Librarians have a proven track record in this field. They have established sophisticated techniques for the precise description of material and are experienced in managing metadata of all kinds. They are used to acting as intermediaries between users and information, and are trusted to do so. In the networked environment, librarians can continue this role working with a wide range of traditional and virtual library resources. The librarian will remain a valued metadata creator.
Stephen Pinfield is project leader of the BUILDER hybrid library project at the University of Birmingham.
CATALOGUES OF TRUST
They can never catalogue the Web.
No. But good stuff eventually gets catalogued and some sites are keen to catalogue their own material to make it more accessible.
Too many catalogues could be as bad as too few.
The idea is that they should work the same way. Catalogue information - metadata - will be expressed in RDF, a language that Web browsers and other software will understand.
So I get to a Web site and the metadata tells me it has all kinds of wonderful things. Why should I believe it?
You might believe it if you knew the site was catalogued by skilled, independent information professionals. Digital signatures will show that metadata comes from a trusted source.
Digital signatures. How do those work?
A digital signature is encrypted data which proves the authorship of a message. Digital signatures are created with a secret key known only to the author, but anyone can read them using a public key. Hard to fake, easy to check.
But that will not work. I could copy a signature and stick it on the end of a bogus message.
They have thought of that. The signature is specific to the message and becomes invalid if the message is altered in any way.
So digitally-signed metadata is something to look forward to.

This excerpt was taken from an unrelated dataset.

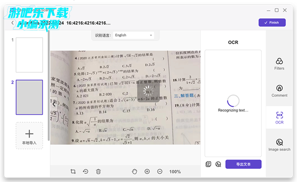 3、用户可以直接对准要扫描的文件,也可以点击左下角的图标,上传相册的图片文件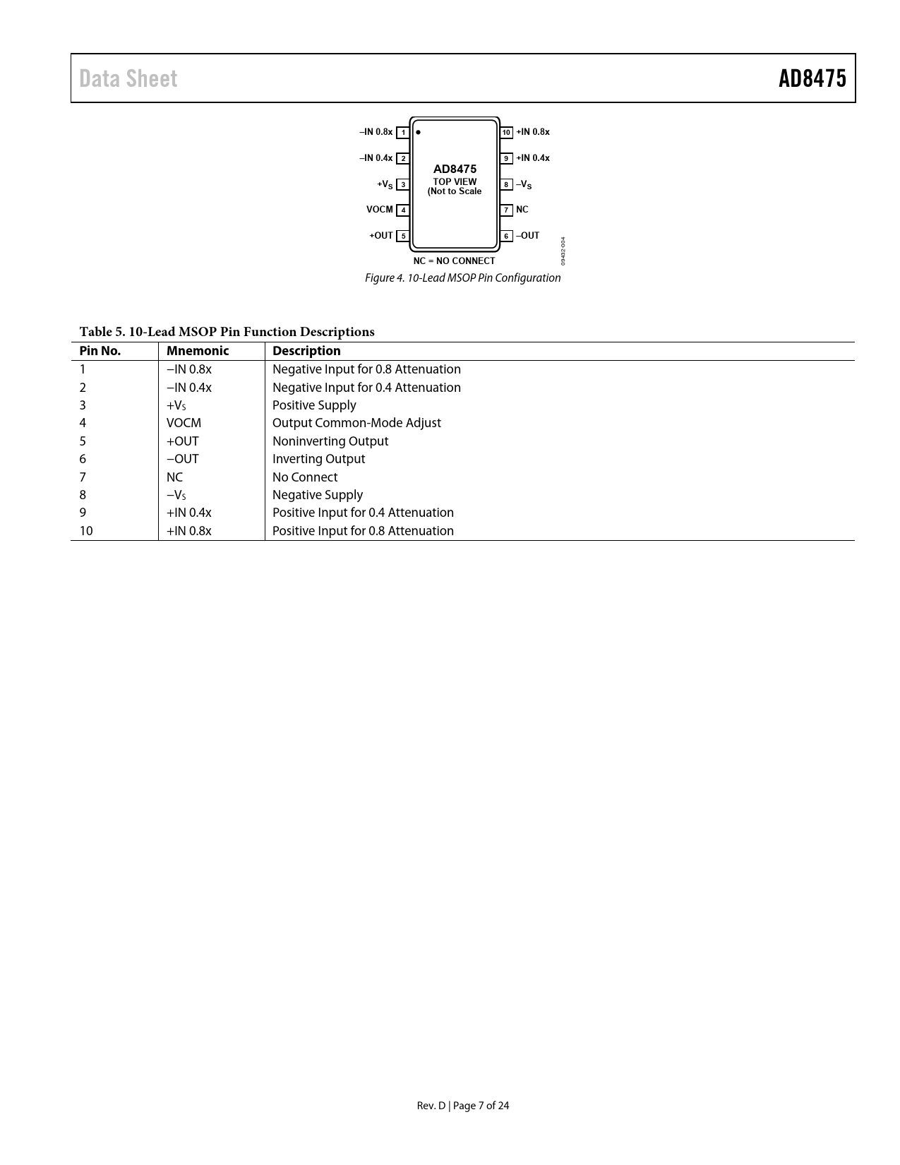 Data Sheet. AD8475. –IN 0.8x 1. 10 +IN 0.8x. –IN 0.4x 2. 9 +IN 0.4x. TOP VIEW. 8 –VS. (Not to Scale. VOCM 4. 7 NC. +OUT 5. 6 –OUT

It is here already. PICS (Platform for Internet Content Selection) is a labelling system for Web pages, originally designed to protect children from unsuitable material. A PICS label can carry a signature proving that the labelling was carried out by a trusted third party. The specification, including signatures, was finalised in May. The same principles will be extended to more complex metadata formats such as Dublin Core, designed for finding information rather than filtering it.
An Irish standard?
International. But a lot of the work was done in Dublin, Ohio in the United States.
What about the search engines? Will treasures they retrieve always be mingled with dross?
It depends on the quality of the metadata and how the search engines handle it. Trustworthy metadata should help to sharpen up the automatic indexing done by the search engines. Lies and hype posing as metadata could fill your hit-lists with irrelevant rubbish. But search engine operators will be able to protect themselves against misinformation or "stuffing" by telling their automatic harvester programs to ignore metadata that does not carry a trusted signature.
Where can I find out about this?
The World Wide Web Consortium, www.w3.org, is the international body for standards and technologies on the Web.